It seems like performing elephants just can’t catch a break. The controversial Ringling Bros.’ Circus stopped using elephants in May of 2016 and shut down completely a year later. Unfortunately, Ringling’s Asian elephants still live in subpar conditions according to animal rights activists.

Although the over 40 elephants no longer perform and have retired at the Ringling Bros. and Barnum and Bailey Center for Elephant Conservation, a 200-acre farm in Polk, Florida, they are still chained, prodded with bull hooks, and forced to stay on concrete floors for extended periods of time, to name a few of the abuses.

However, on Tuesday a spokesperson for PETA told the Bradenton Herald that “rumors” have been circulating the “conservation” center plans on closing. If so, the elephants may move to a 10,000-acre sanctuary.

“Elephants who have endured years of suffering and earned Ringling millions of dollars deserve better—including the opportunity for physical and mental rehabilitation, which is impossible at the [Center for Elephant Conservation],” PETA stated in a 2016 report of the center.

Keeping Elephants Enclosed in the States is a Short-term Solution

elephant waving a flag at Rigling's Center for Elephant Conservation.

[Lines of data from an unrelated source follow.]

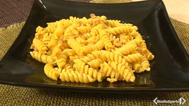 Rosolate la pancetta in un poco di evo, poi aggiungete la panna e lo zafferano (sciolto precedentemente dentro l’acqua della pasta. Dopodicè, a fuoco basso, fate ritirare il composto per qualche minuto, fino a quando non si addensa, poi spegnete il fuoco e lascatelo riposare.
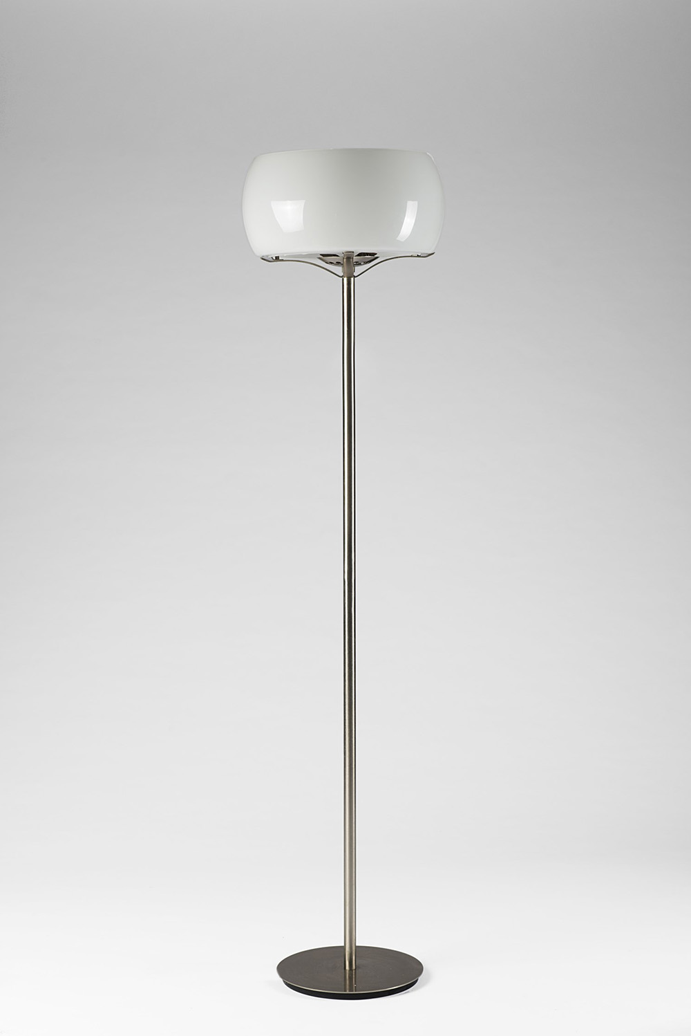 Vico Magistretti (Milano 1920 - Milano 2006) Lampada da terra modello "Clitunno". Produzione Artemide, Milano, 1964. Ottone nichelato e vetro lattimo incamiciato (h cm 165) (lievi difetti e mancanze) Bibliografia: "Ottagono", n. 10, luglio 1968, p. 58; G. Gramigna, Repertorio del design italiano 1950/2000 per l'arredamento domestico, Torino, Allemandi 2003, vol 1, p. 113 Floor lamp model "Clitunno". Produced by Artemide, Milan, 1964. Brass and glass (h cm 165) (minor defects and losses) Bibliography: "Ottagono", n. 10, luglio 1968, p. 58; G. Gramigna, Repertorio del design italiano 1950/2000 per l'arredamento domestico, Torino, Allemandi 2011, vol 1, p. 113
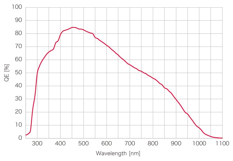 与大多数传统的科研相机相比,ORCA-Quest在280 nm-400 nm 紫外区域具有较高的量子效率(QE)。
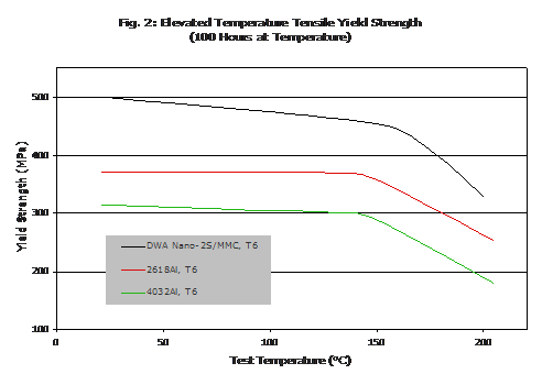Micro & Nano-2 MMC systems have been developed particularly for high temperature applications. They have higher strength at elevated temperatures, lower Coefficients of Thermal Expansion ("CTE"), higher fatigue resistance and higher wear resistance than those of conventional high temperature aluminum alloys. Fatigue resistance is a particularly differentiating property providing improvement of two orders of magnitude in high cycle fatigue conditions comparing with 2000 series aluminum alloys. Micro-2 & Nano-2 MMCs can be extruded, forged, rolled, machined and heat treated in a manner similar to the base aluminum alloy. Figure 2 compares Nano-2S/MMC with 2618-Al and 4032-Al between room temperature and 200<C.
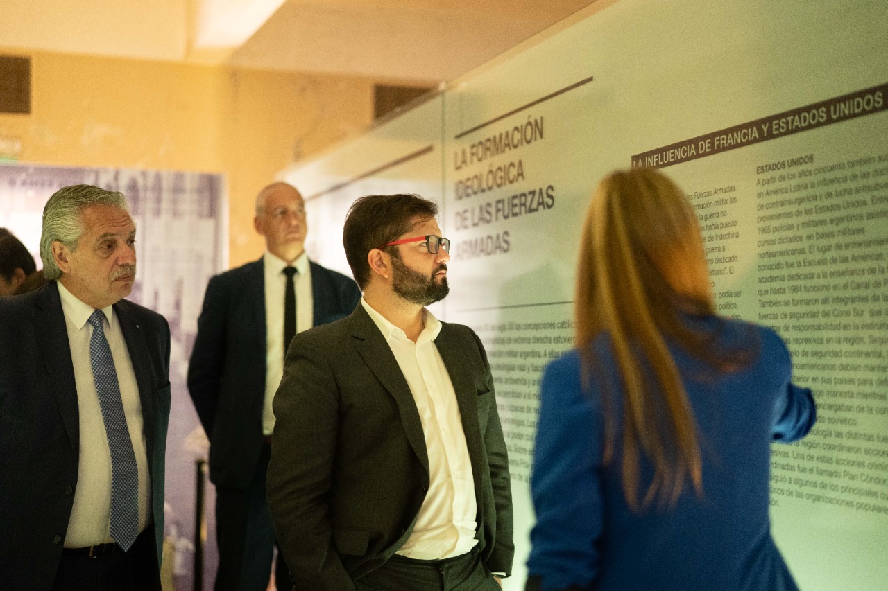 Boric estuvo acompañado durante el recorrido por el presidente Alberto Fernández; el canciller Santiago Cafiero; el ministro de Justicia y Derechos Humanos, Martín Soria; el embajador argentino en Chile, Rafael Bielsa; y el secretario de Derechos Humanos, Horacio Pietragalla Corti.

Screenshot of elephant waving a sport’s banner at Ringling’s Center for Elephant Conservation.

Creating a center that focuses on using elephants for cancer research and breeding them to help repopulate them might seem like a positive effort. However, conserving elephants is not as simple as forcefully breeding them in an enclosed area in the United States, which is not their natural habitat. People can better support elephants by protecting their natural habitats and stopping the ivory trade and elephant hunting. More importantly, keeping elephants at false conservation centers like the one managed by the Ringling holding company poses other challenges.

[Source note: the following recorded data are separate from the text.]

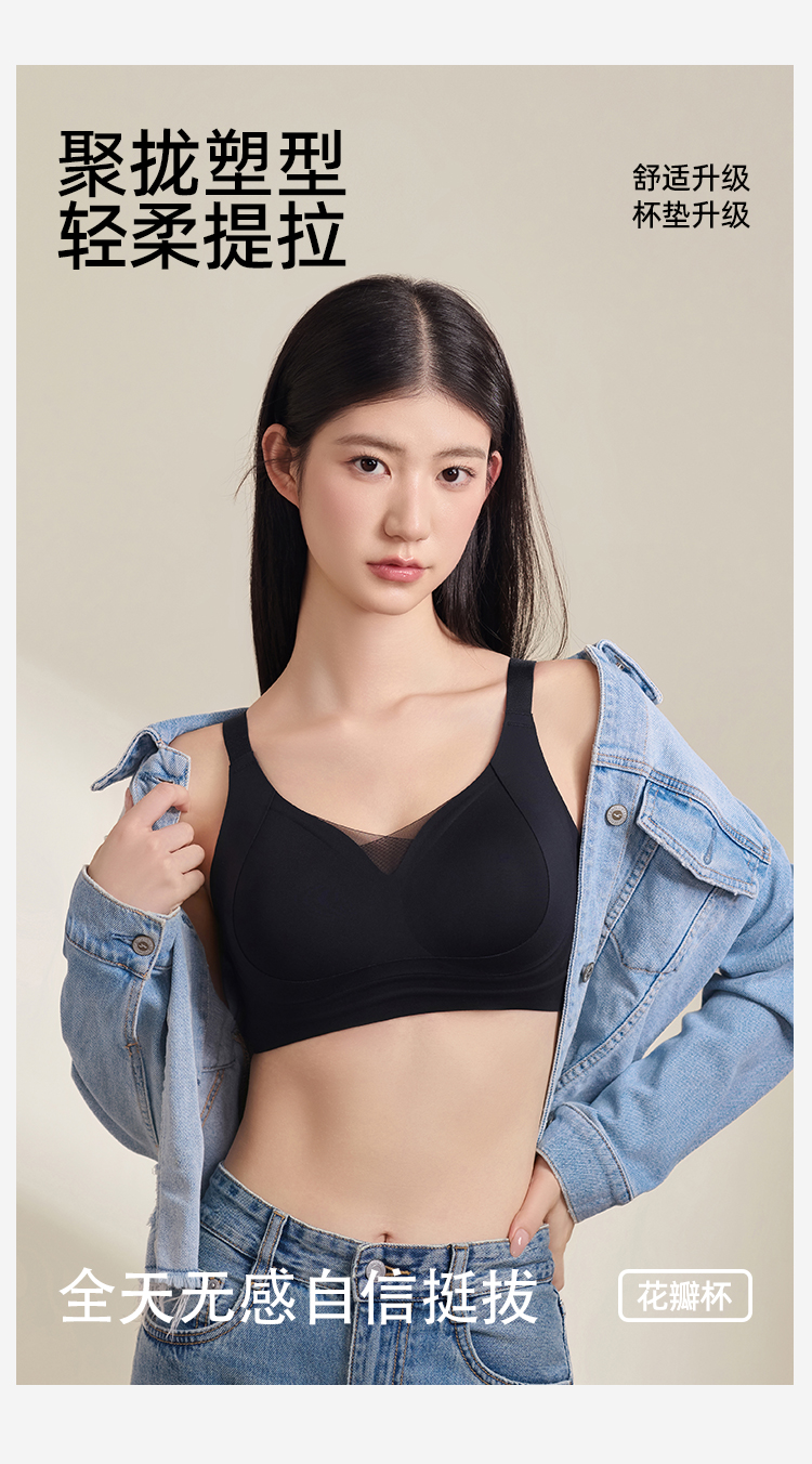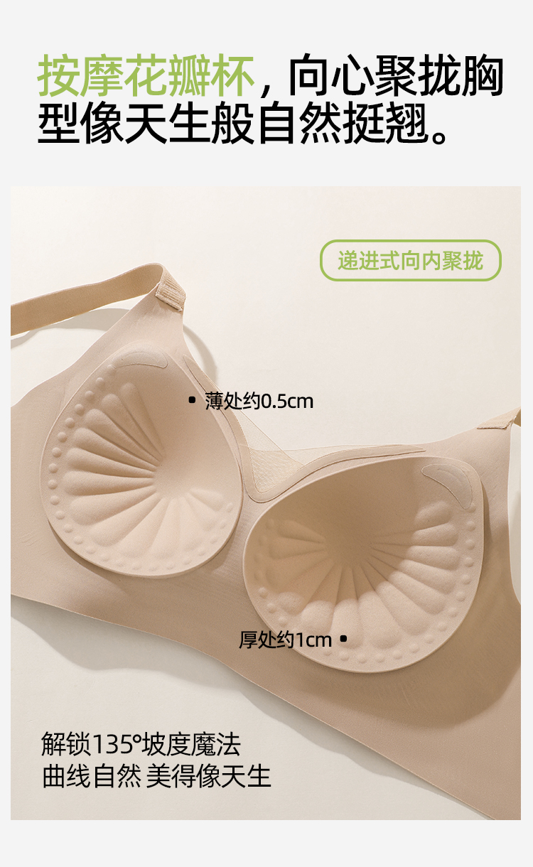 熳洁儿 提拉聚拢无痕内衣百搭光面聚拢防下垂文胸按摩花瓣杯25761505
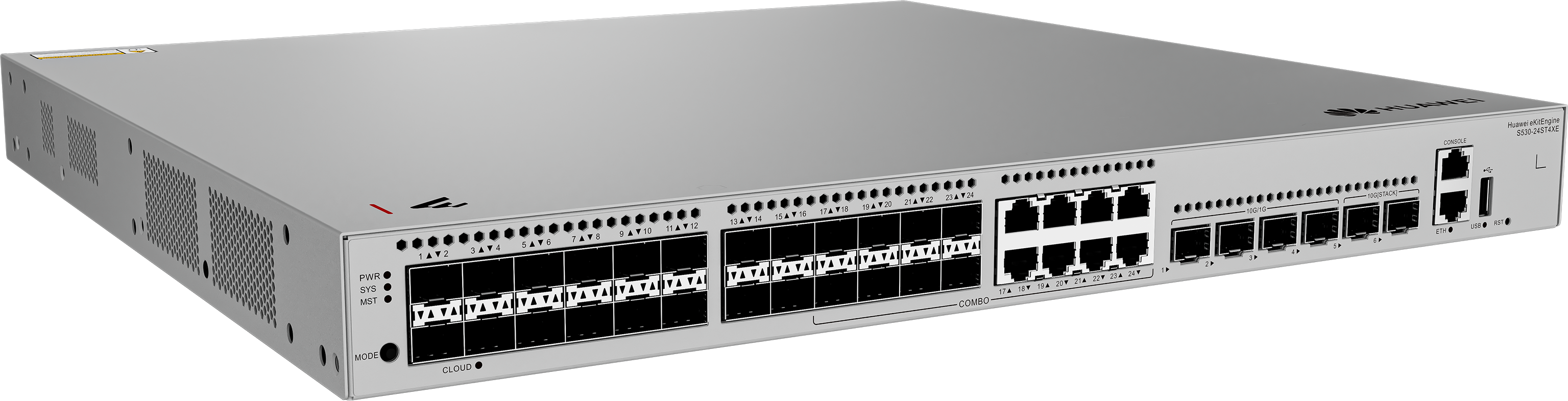 View ProductS530-24ST4XE 24*GE SFP ports 8 of which are dual-purpose 10/100/1000 or SFP 4*10GE SFP+ ports 2*12GE stack ports
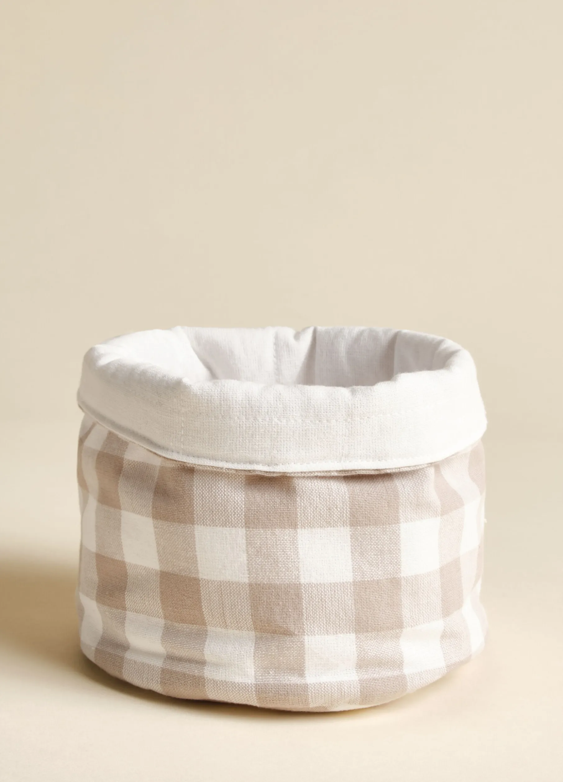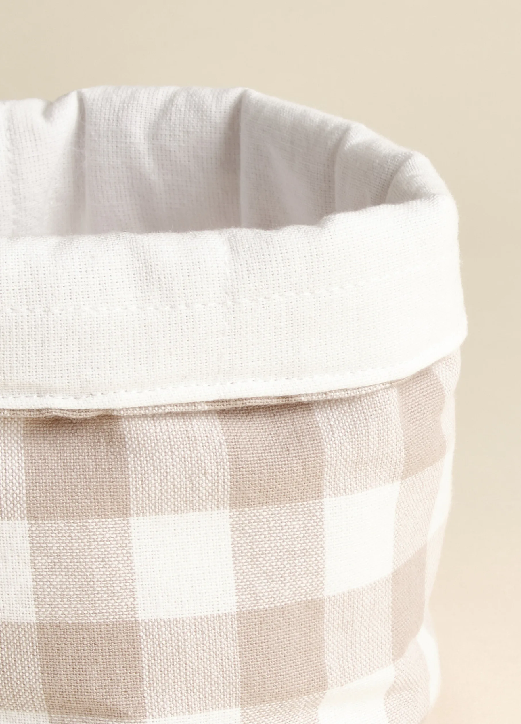 Cestino per pane e vivande realizzato in cotone morbido ma resistente, ottimo per l’utilizzo quotidiano. L’esterno con motivo bianco e beige a quadretti contrasta con l’interno bianco.

Ringling’s Center for Elephant Conservation Subjects Elephants to Harmful Living Conditions

Picture of baby elephant chained at the Center for Elephant Conservation.

A baby elephant chained in a barn at Ringling’s Center for Elephant Conservation. Picture courtesy of PETA.

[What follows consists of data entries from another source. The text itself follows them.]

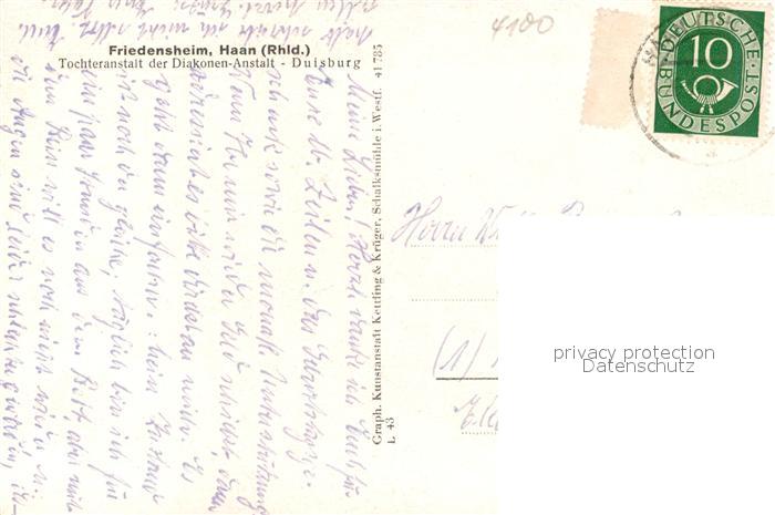 43345913 alte Postkarte Haan Rheinland Friedensheim Durchblick vom Eingang Diakonenanstalt postalisch gelaufen Erhaltung siehe scans [WerneD78] KatCode: 11110005158008
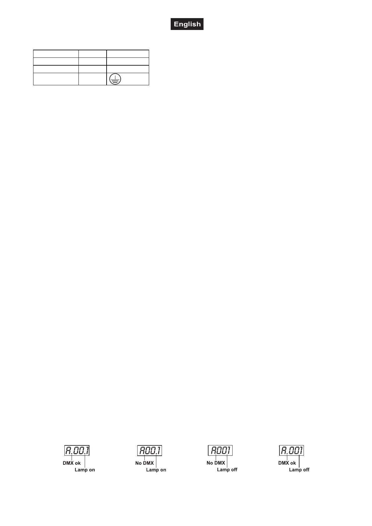 The modes of DMX 512 data and lamp are shown via the display:
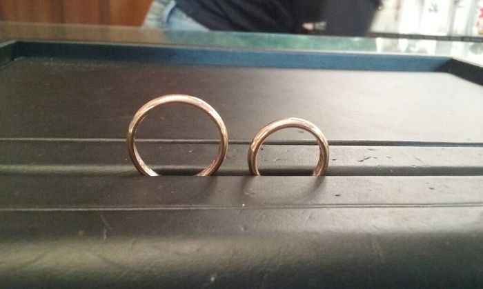 Ragazze ecco le mie fedi 5mm 1ar...le.trovo bellissime e anche se non si vede ce l incisione....È stato emozionante provarle...ovviamente rimangono in gioielleria è Troppo presto per prenderle. Tutto mooooolto realeee
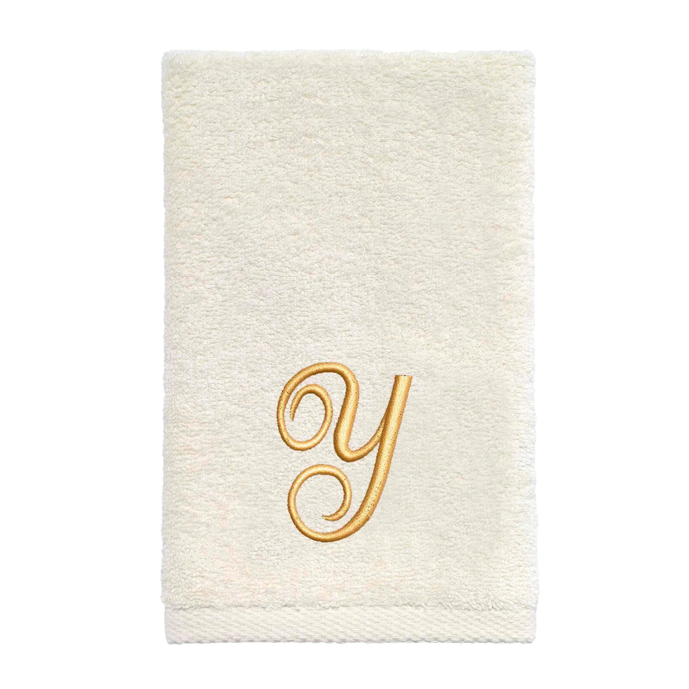Avanti Linens Ivory/Gold Script Monogram Fingertip Towel Letter Y - Fingertip Towel
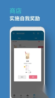 -【金币与商店】:作为自我奖励的游戏化体现形式。你需要先定好价格,上架相应的奖励商品。在完成任务得到金币奖励后,过来商店购买自己的奖励吧!

The Center for Elephant Conservation came under fire even before Ringling decided to stop using elephants in their shows. A few months before retiring the elephants, PETA published a report documenting problems at the center:

  • Elephants are chained on concrete floors for hours on end.
  • Baby elephants are routinely taken and separated from their mothers.
  • Although the center has 200 acres, the elephants are often penned into smaller enclosures and cannot roam or graze freely.
  • Employees at the center use bull hooks and electric prods on the elephants.
  • Elephants at the center have had unusually high rates of tuberculosis.
  • Handlers and others often come in close, direct contact with the elephants.
  • The center does not plan on releasing any of the elephants they are breeding into the wild.
  • The center breeds elephants when they are still too young.

The report’s authors determined that “to Ringling, elephants are commodities, bred under the guise of conservation as living investments with no hope of a life in a natural setting.”

Elephants Are Not Meant to Live in Enclosures


Elephants at Ringling's Screenshot of elephants at the Center for Elephant Conservation.

Screenshot of elephants at the Center for Elephant Conservation.

If these conditions weren’t bad enough, living in enclosures and standing for hours on concrete leads to other health problems in elephants. Elephants are migratory. In the wild, they would normally travel large distances, but in captivity that isn’t possible. This can often lead to higher rates of obesity and diabetes while standing on hard surfaces contributes to arthritis and feet problems. Because of these issues, elephants in captivity usually don’t live as long as their wild relatives.

Ringling Holding Company Likely to Close “Conservation” Center for Financial Reasons

Elephants in captivity live shorter lives than wild elephants do.

Screenshot of elephants at the Center for Elephant Conservation.

The Director of Captive Animal Law Enforcement Rachel Mathews told the Herald Tribune the Center for Elephant Conservation is probably going to close because they don’t want to funnel any more money into the facility.

Elephants may Move to a True Conservation Center

Elephant taking a bath at the Center for Elephant Conservation.

Screenshot of elephants at the Center for Elephant Conservation.

If the rumors are true, the retired circus elephants may move to a true conservation center. Matthews says the likely location is White Oak Conservation Center, which contains 10,000 acres and is a little over four hours northeast of Polk, Florida. While Matthews described this as a “step up,” nothing can replace an elephant’s natural habitat.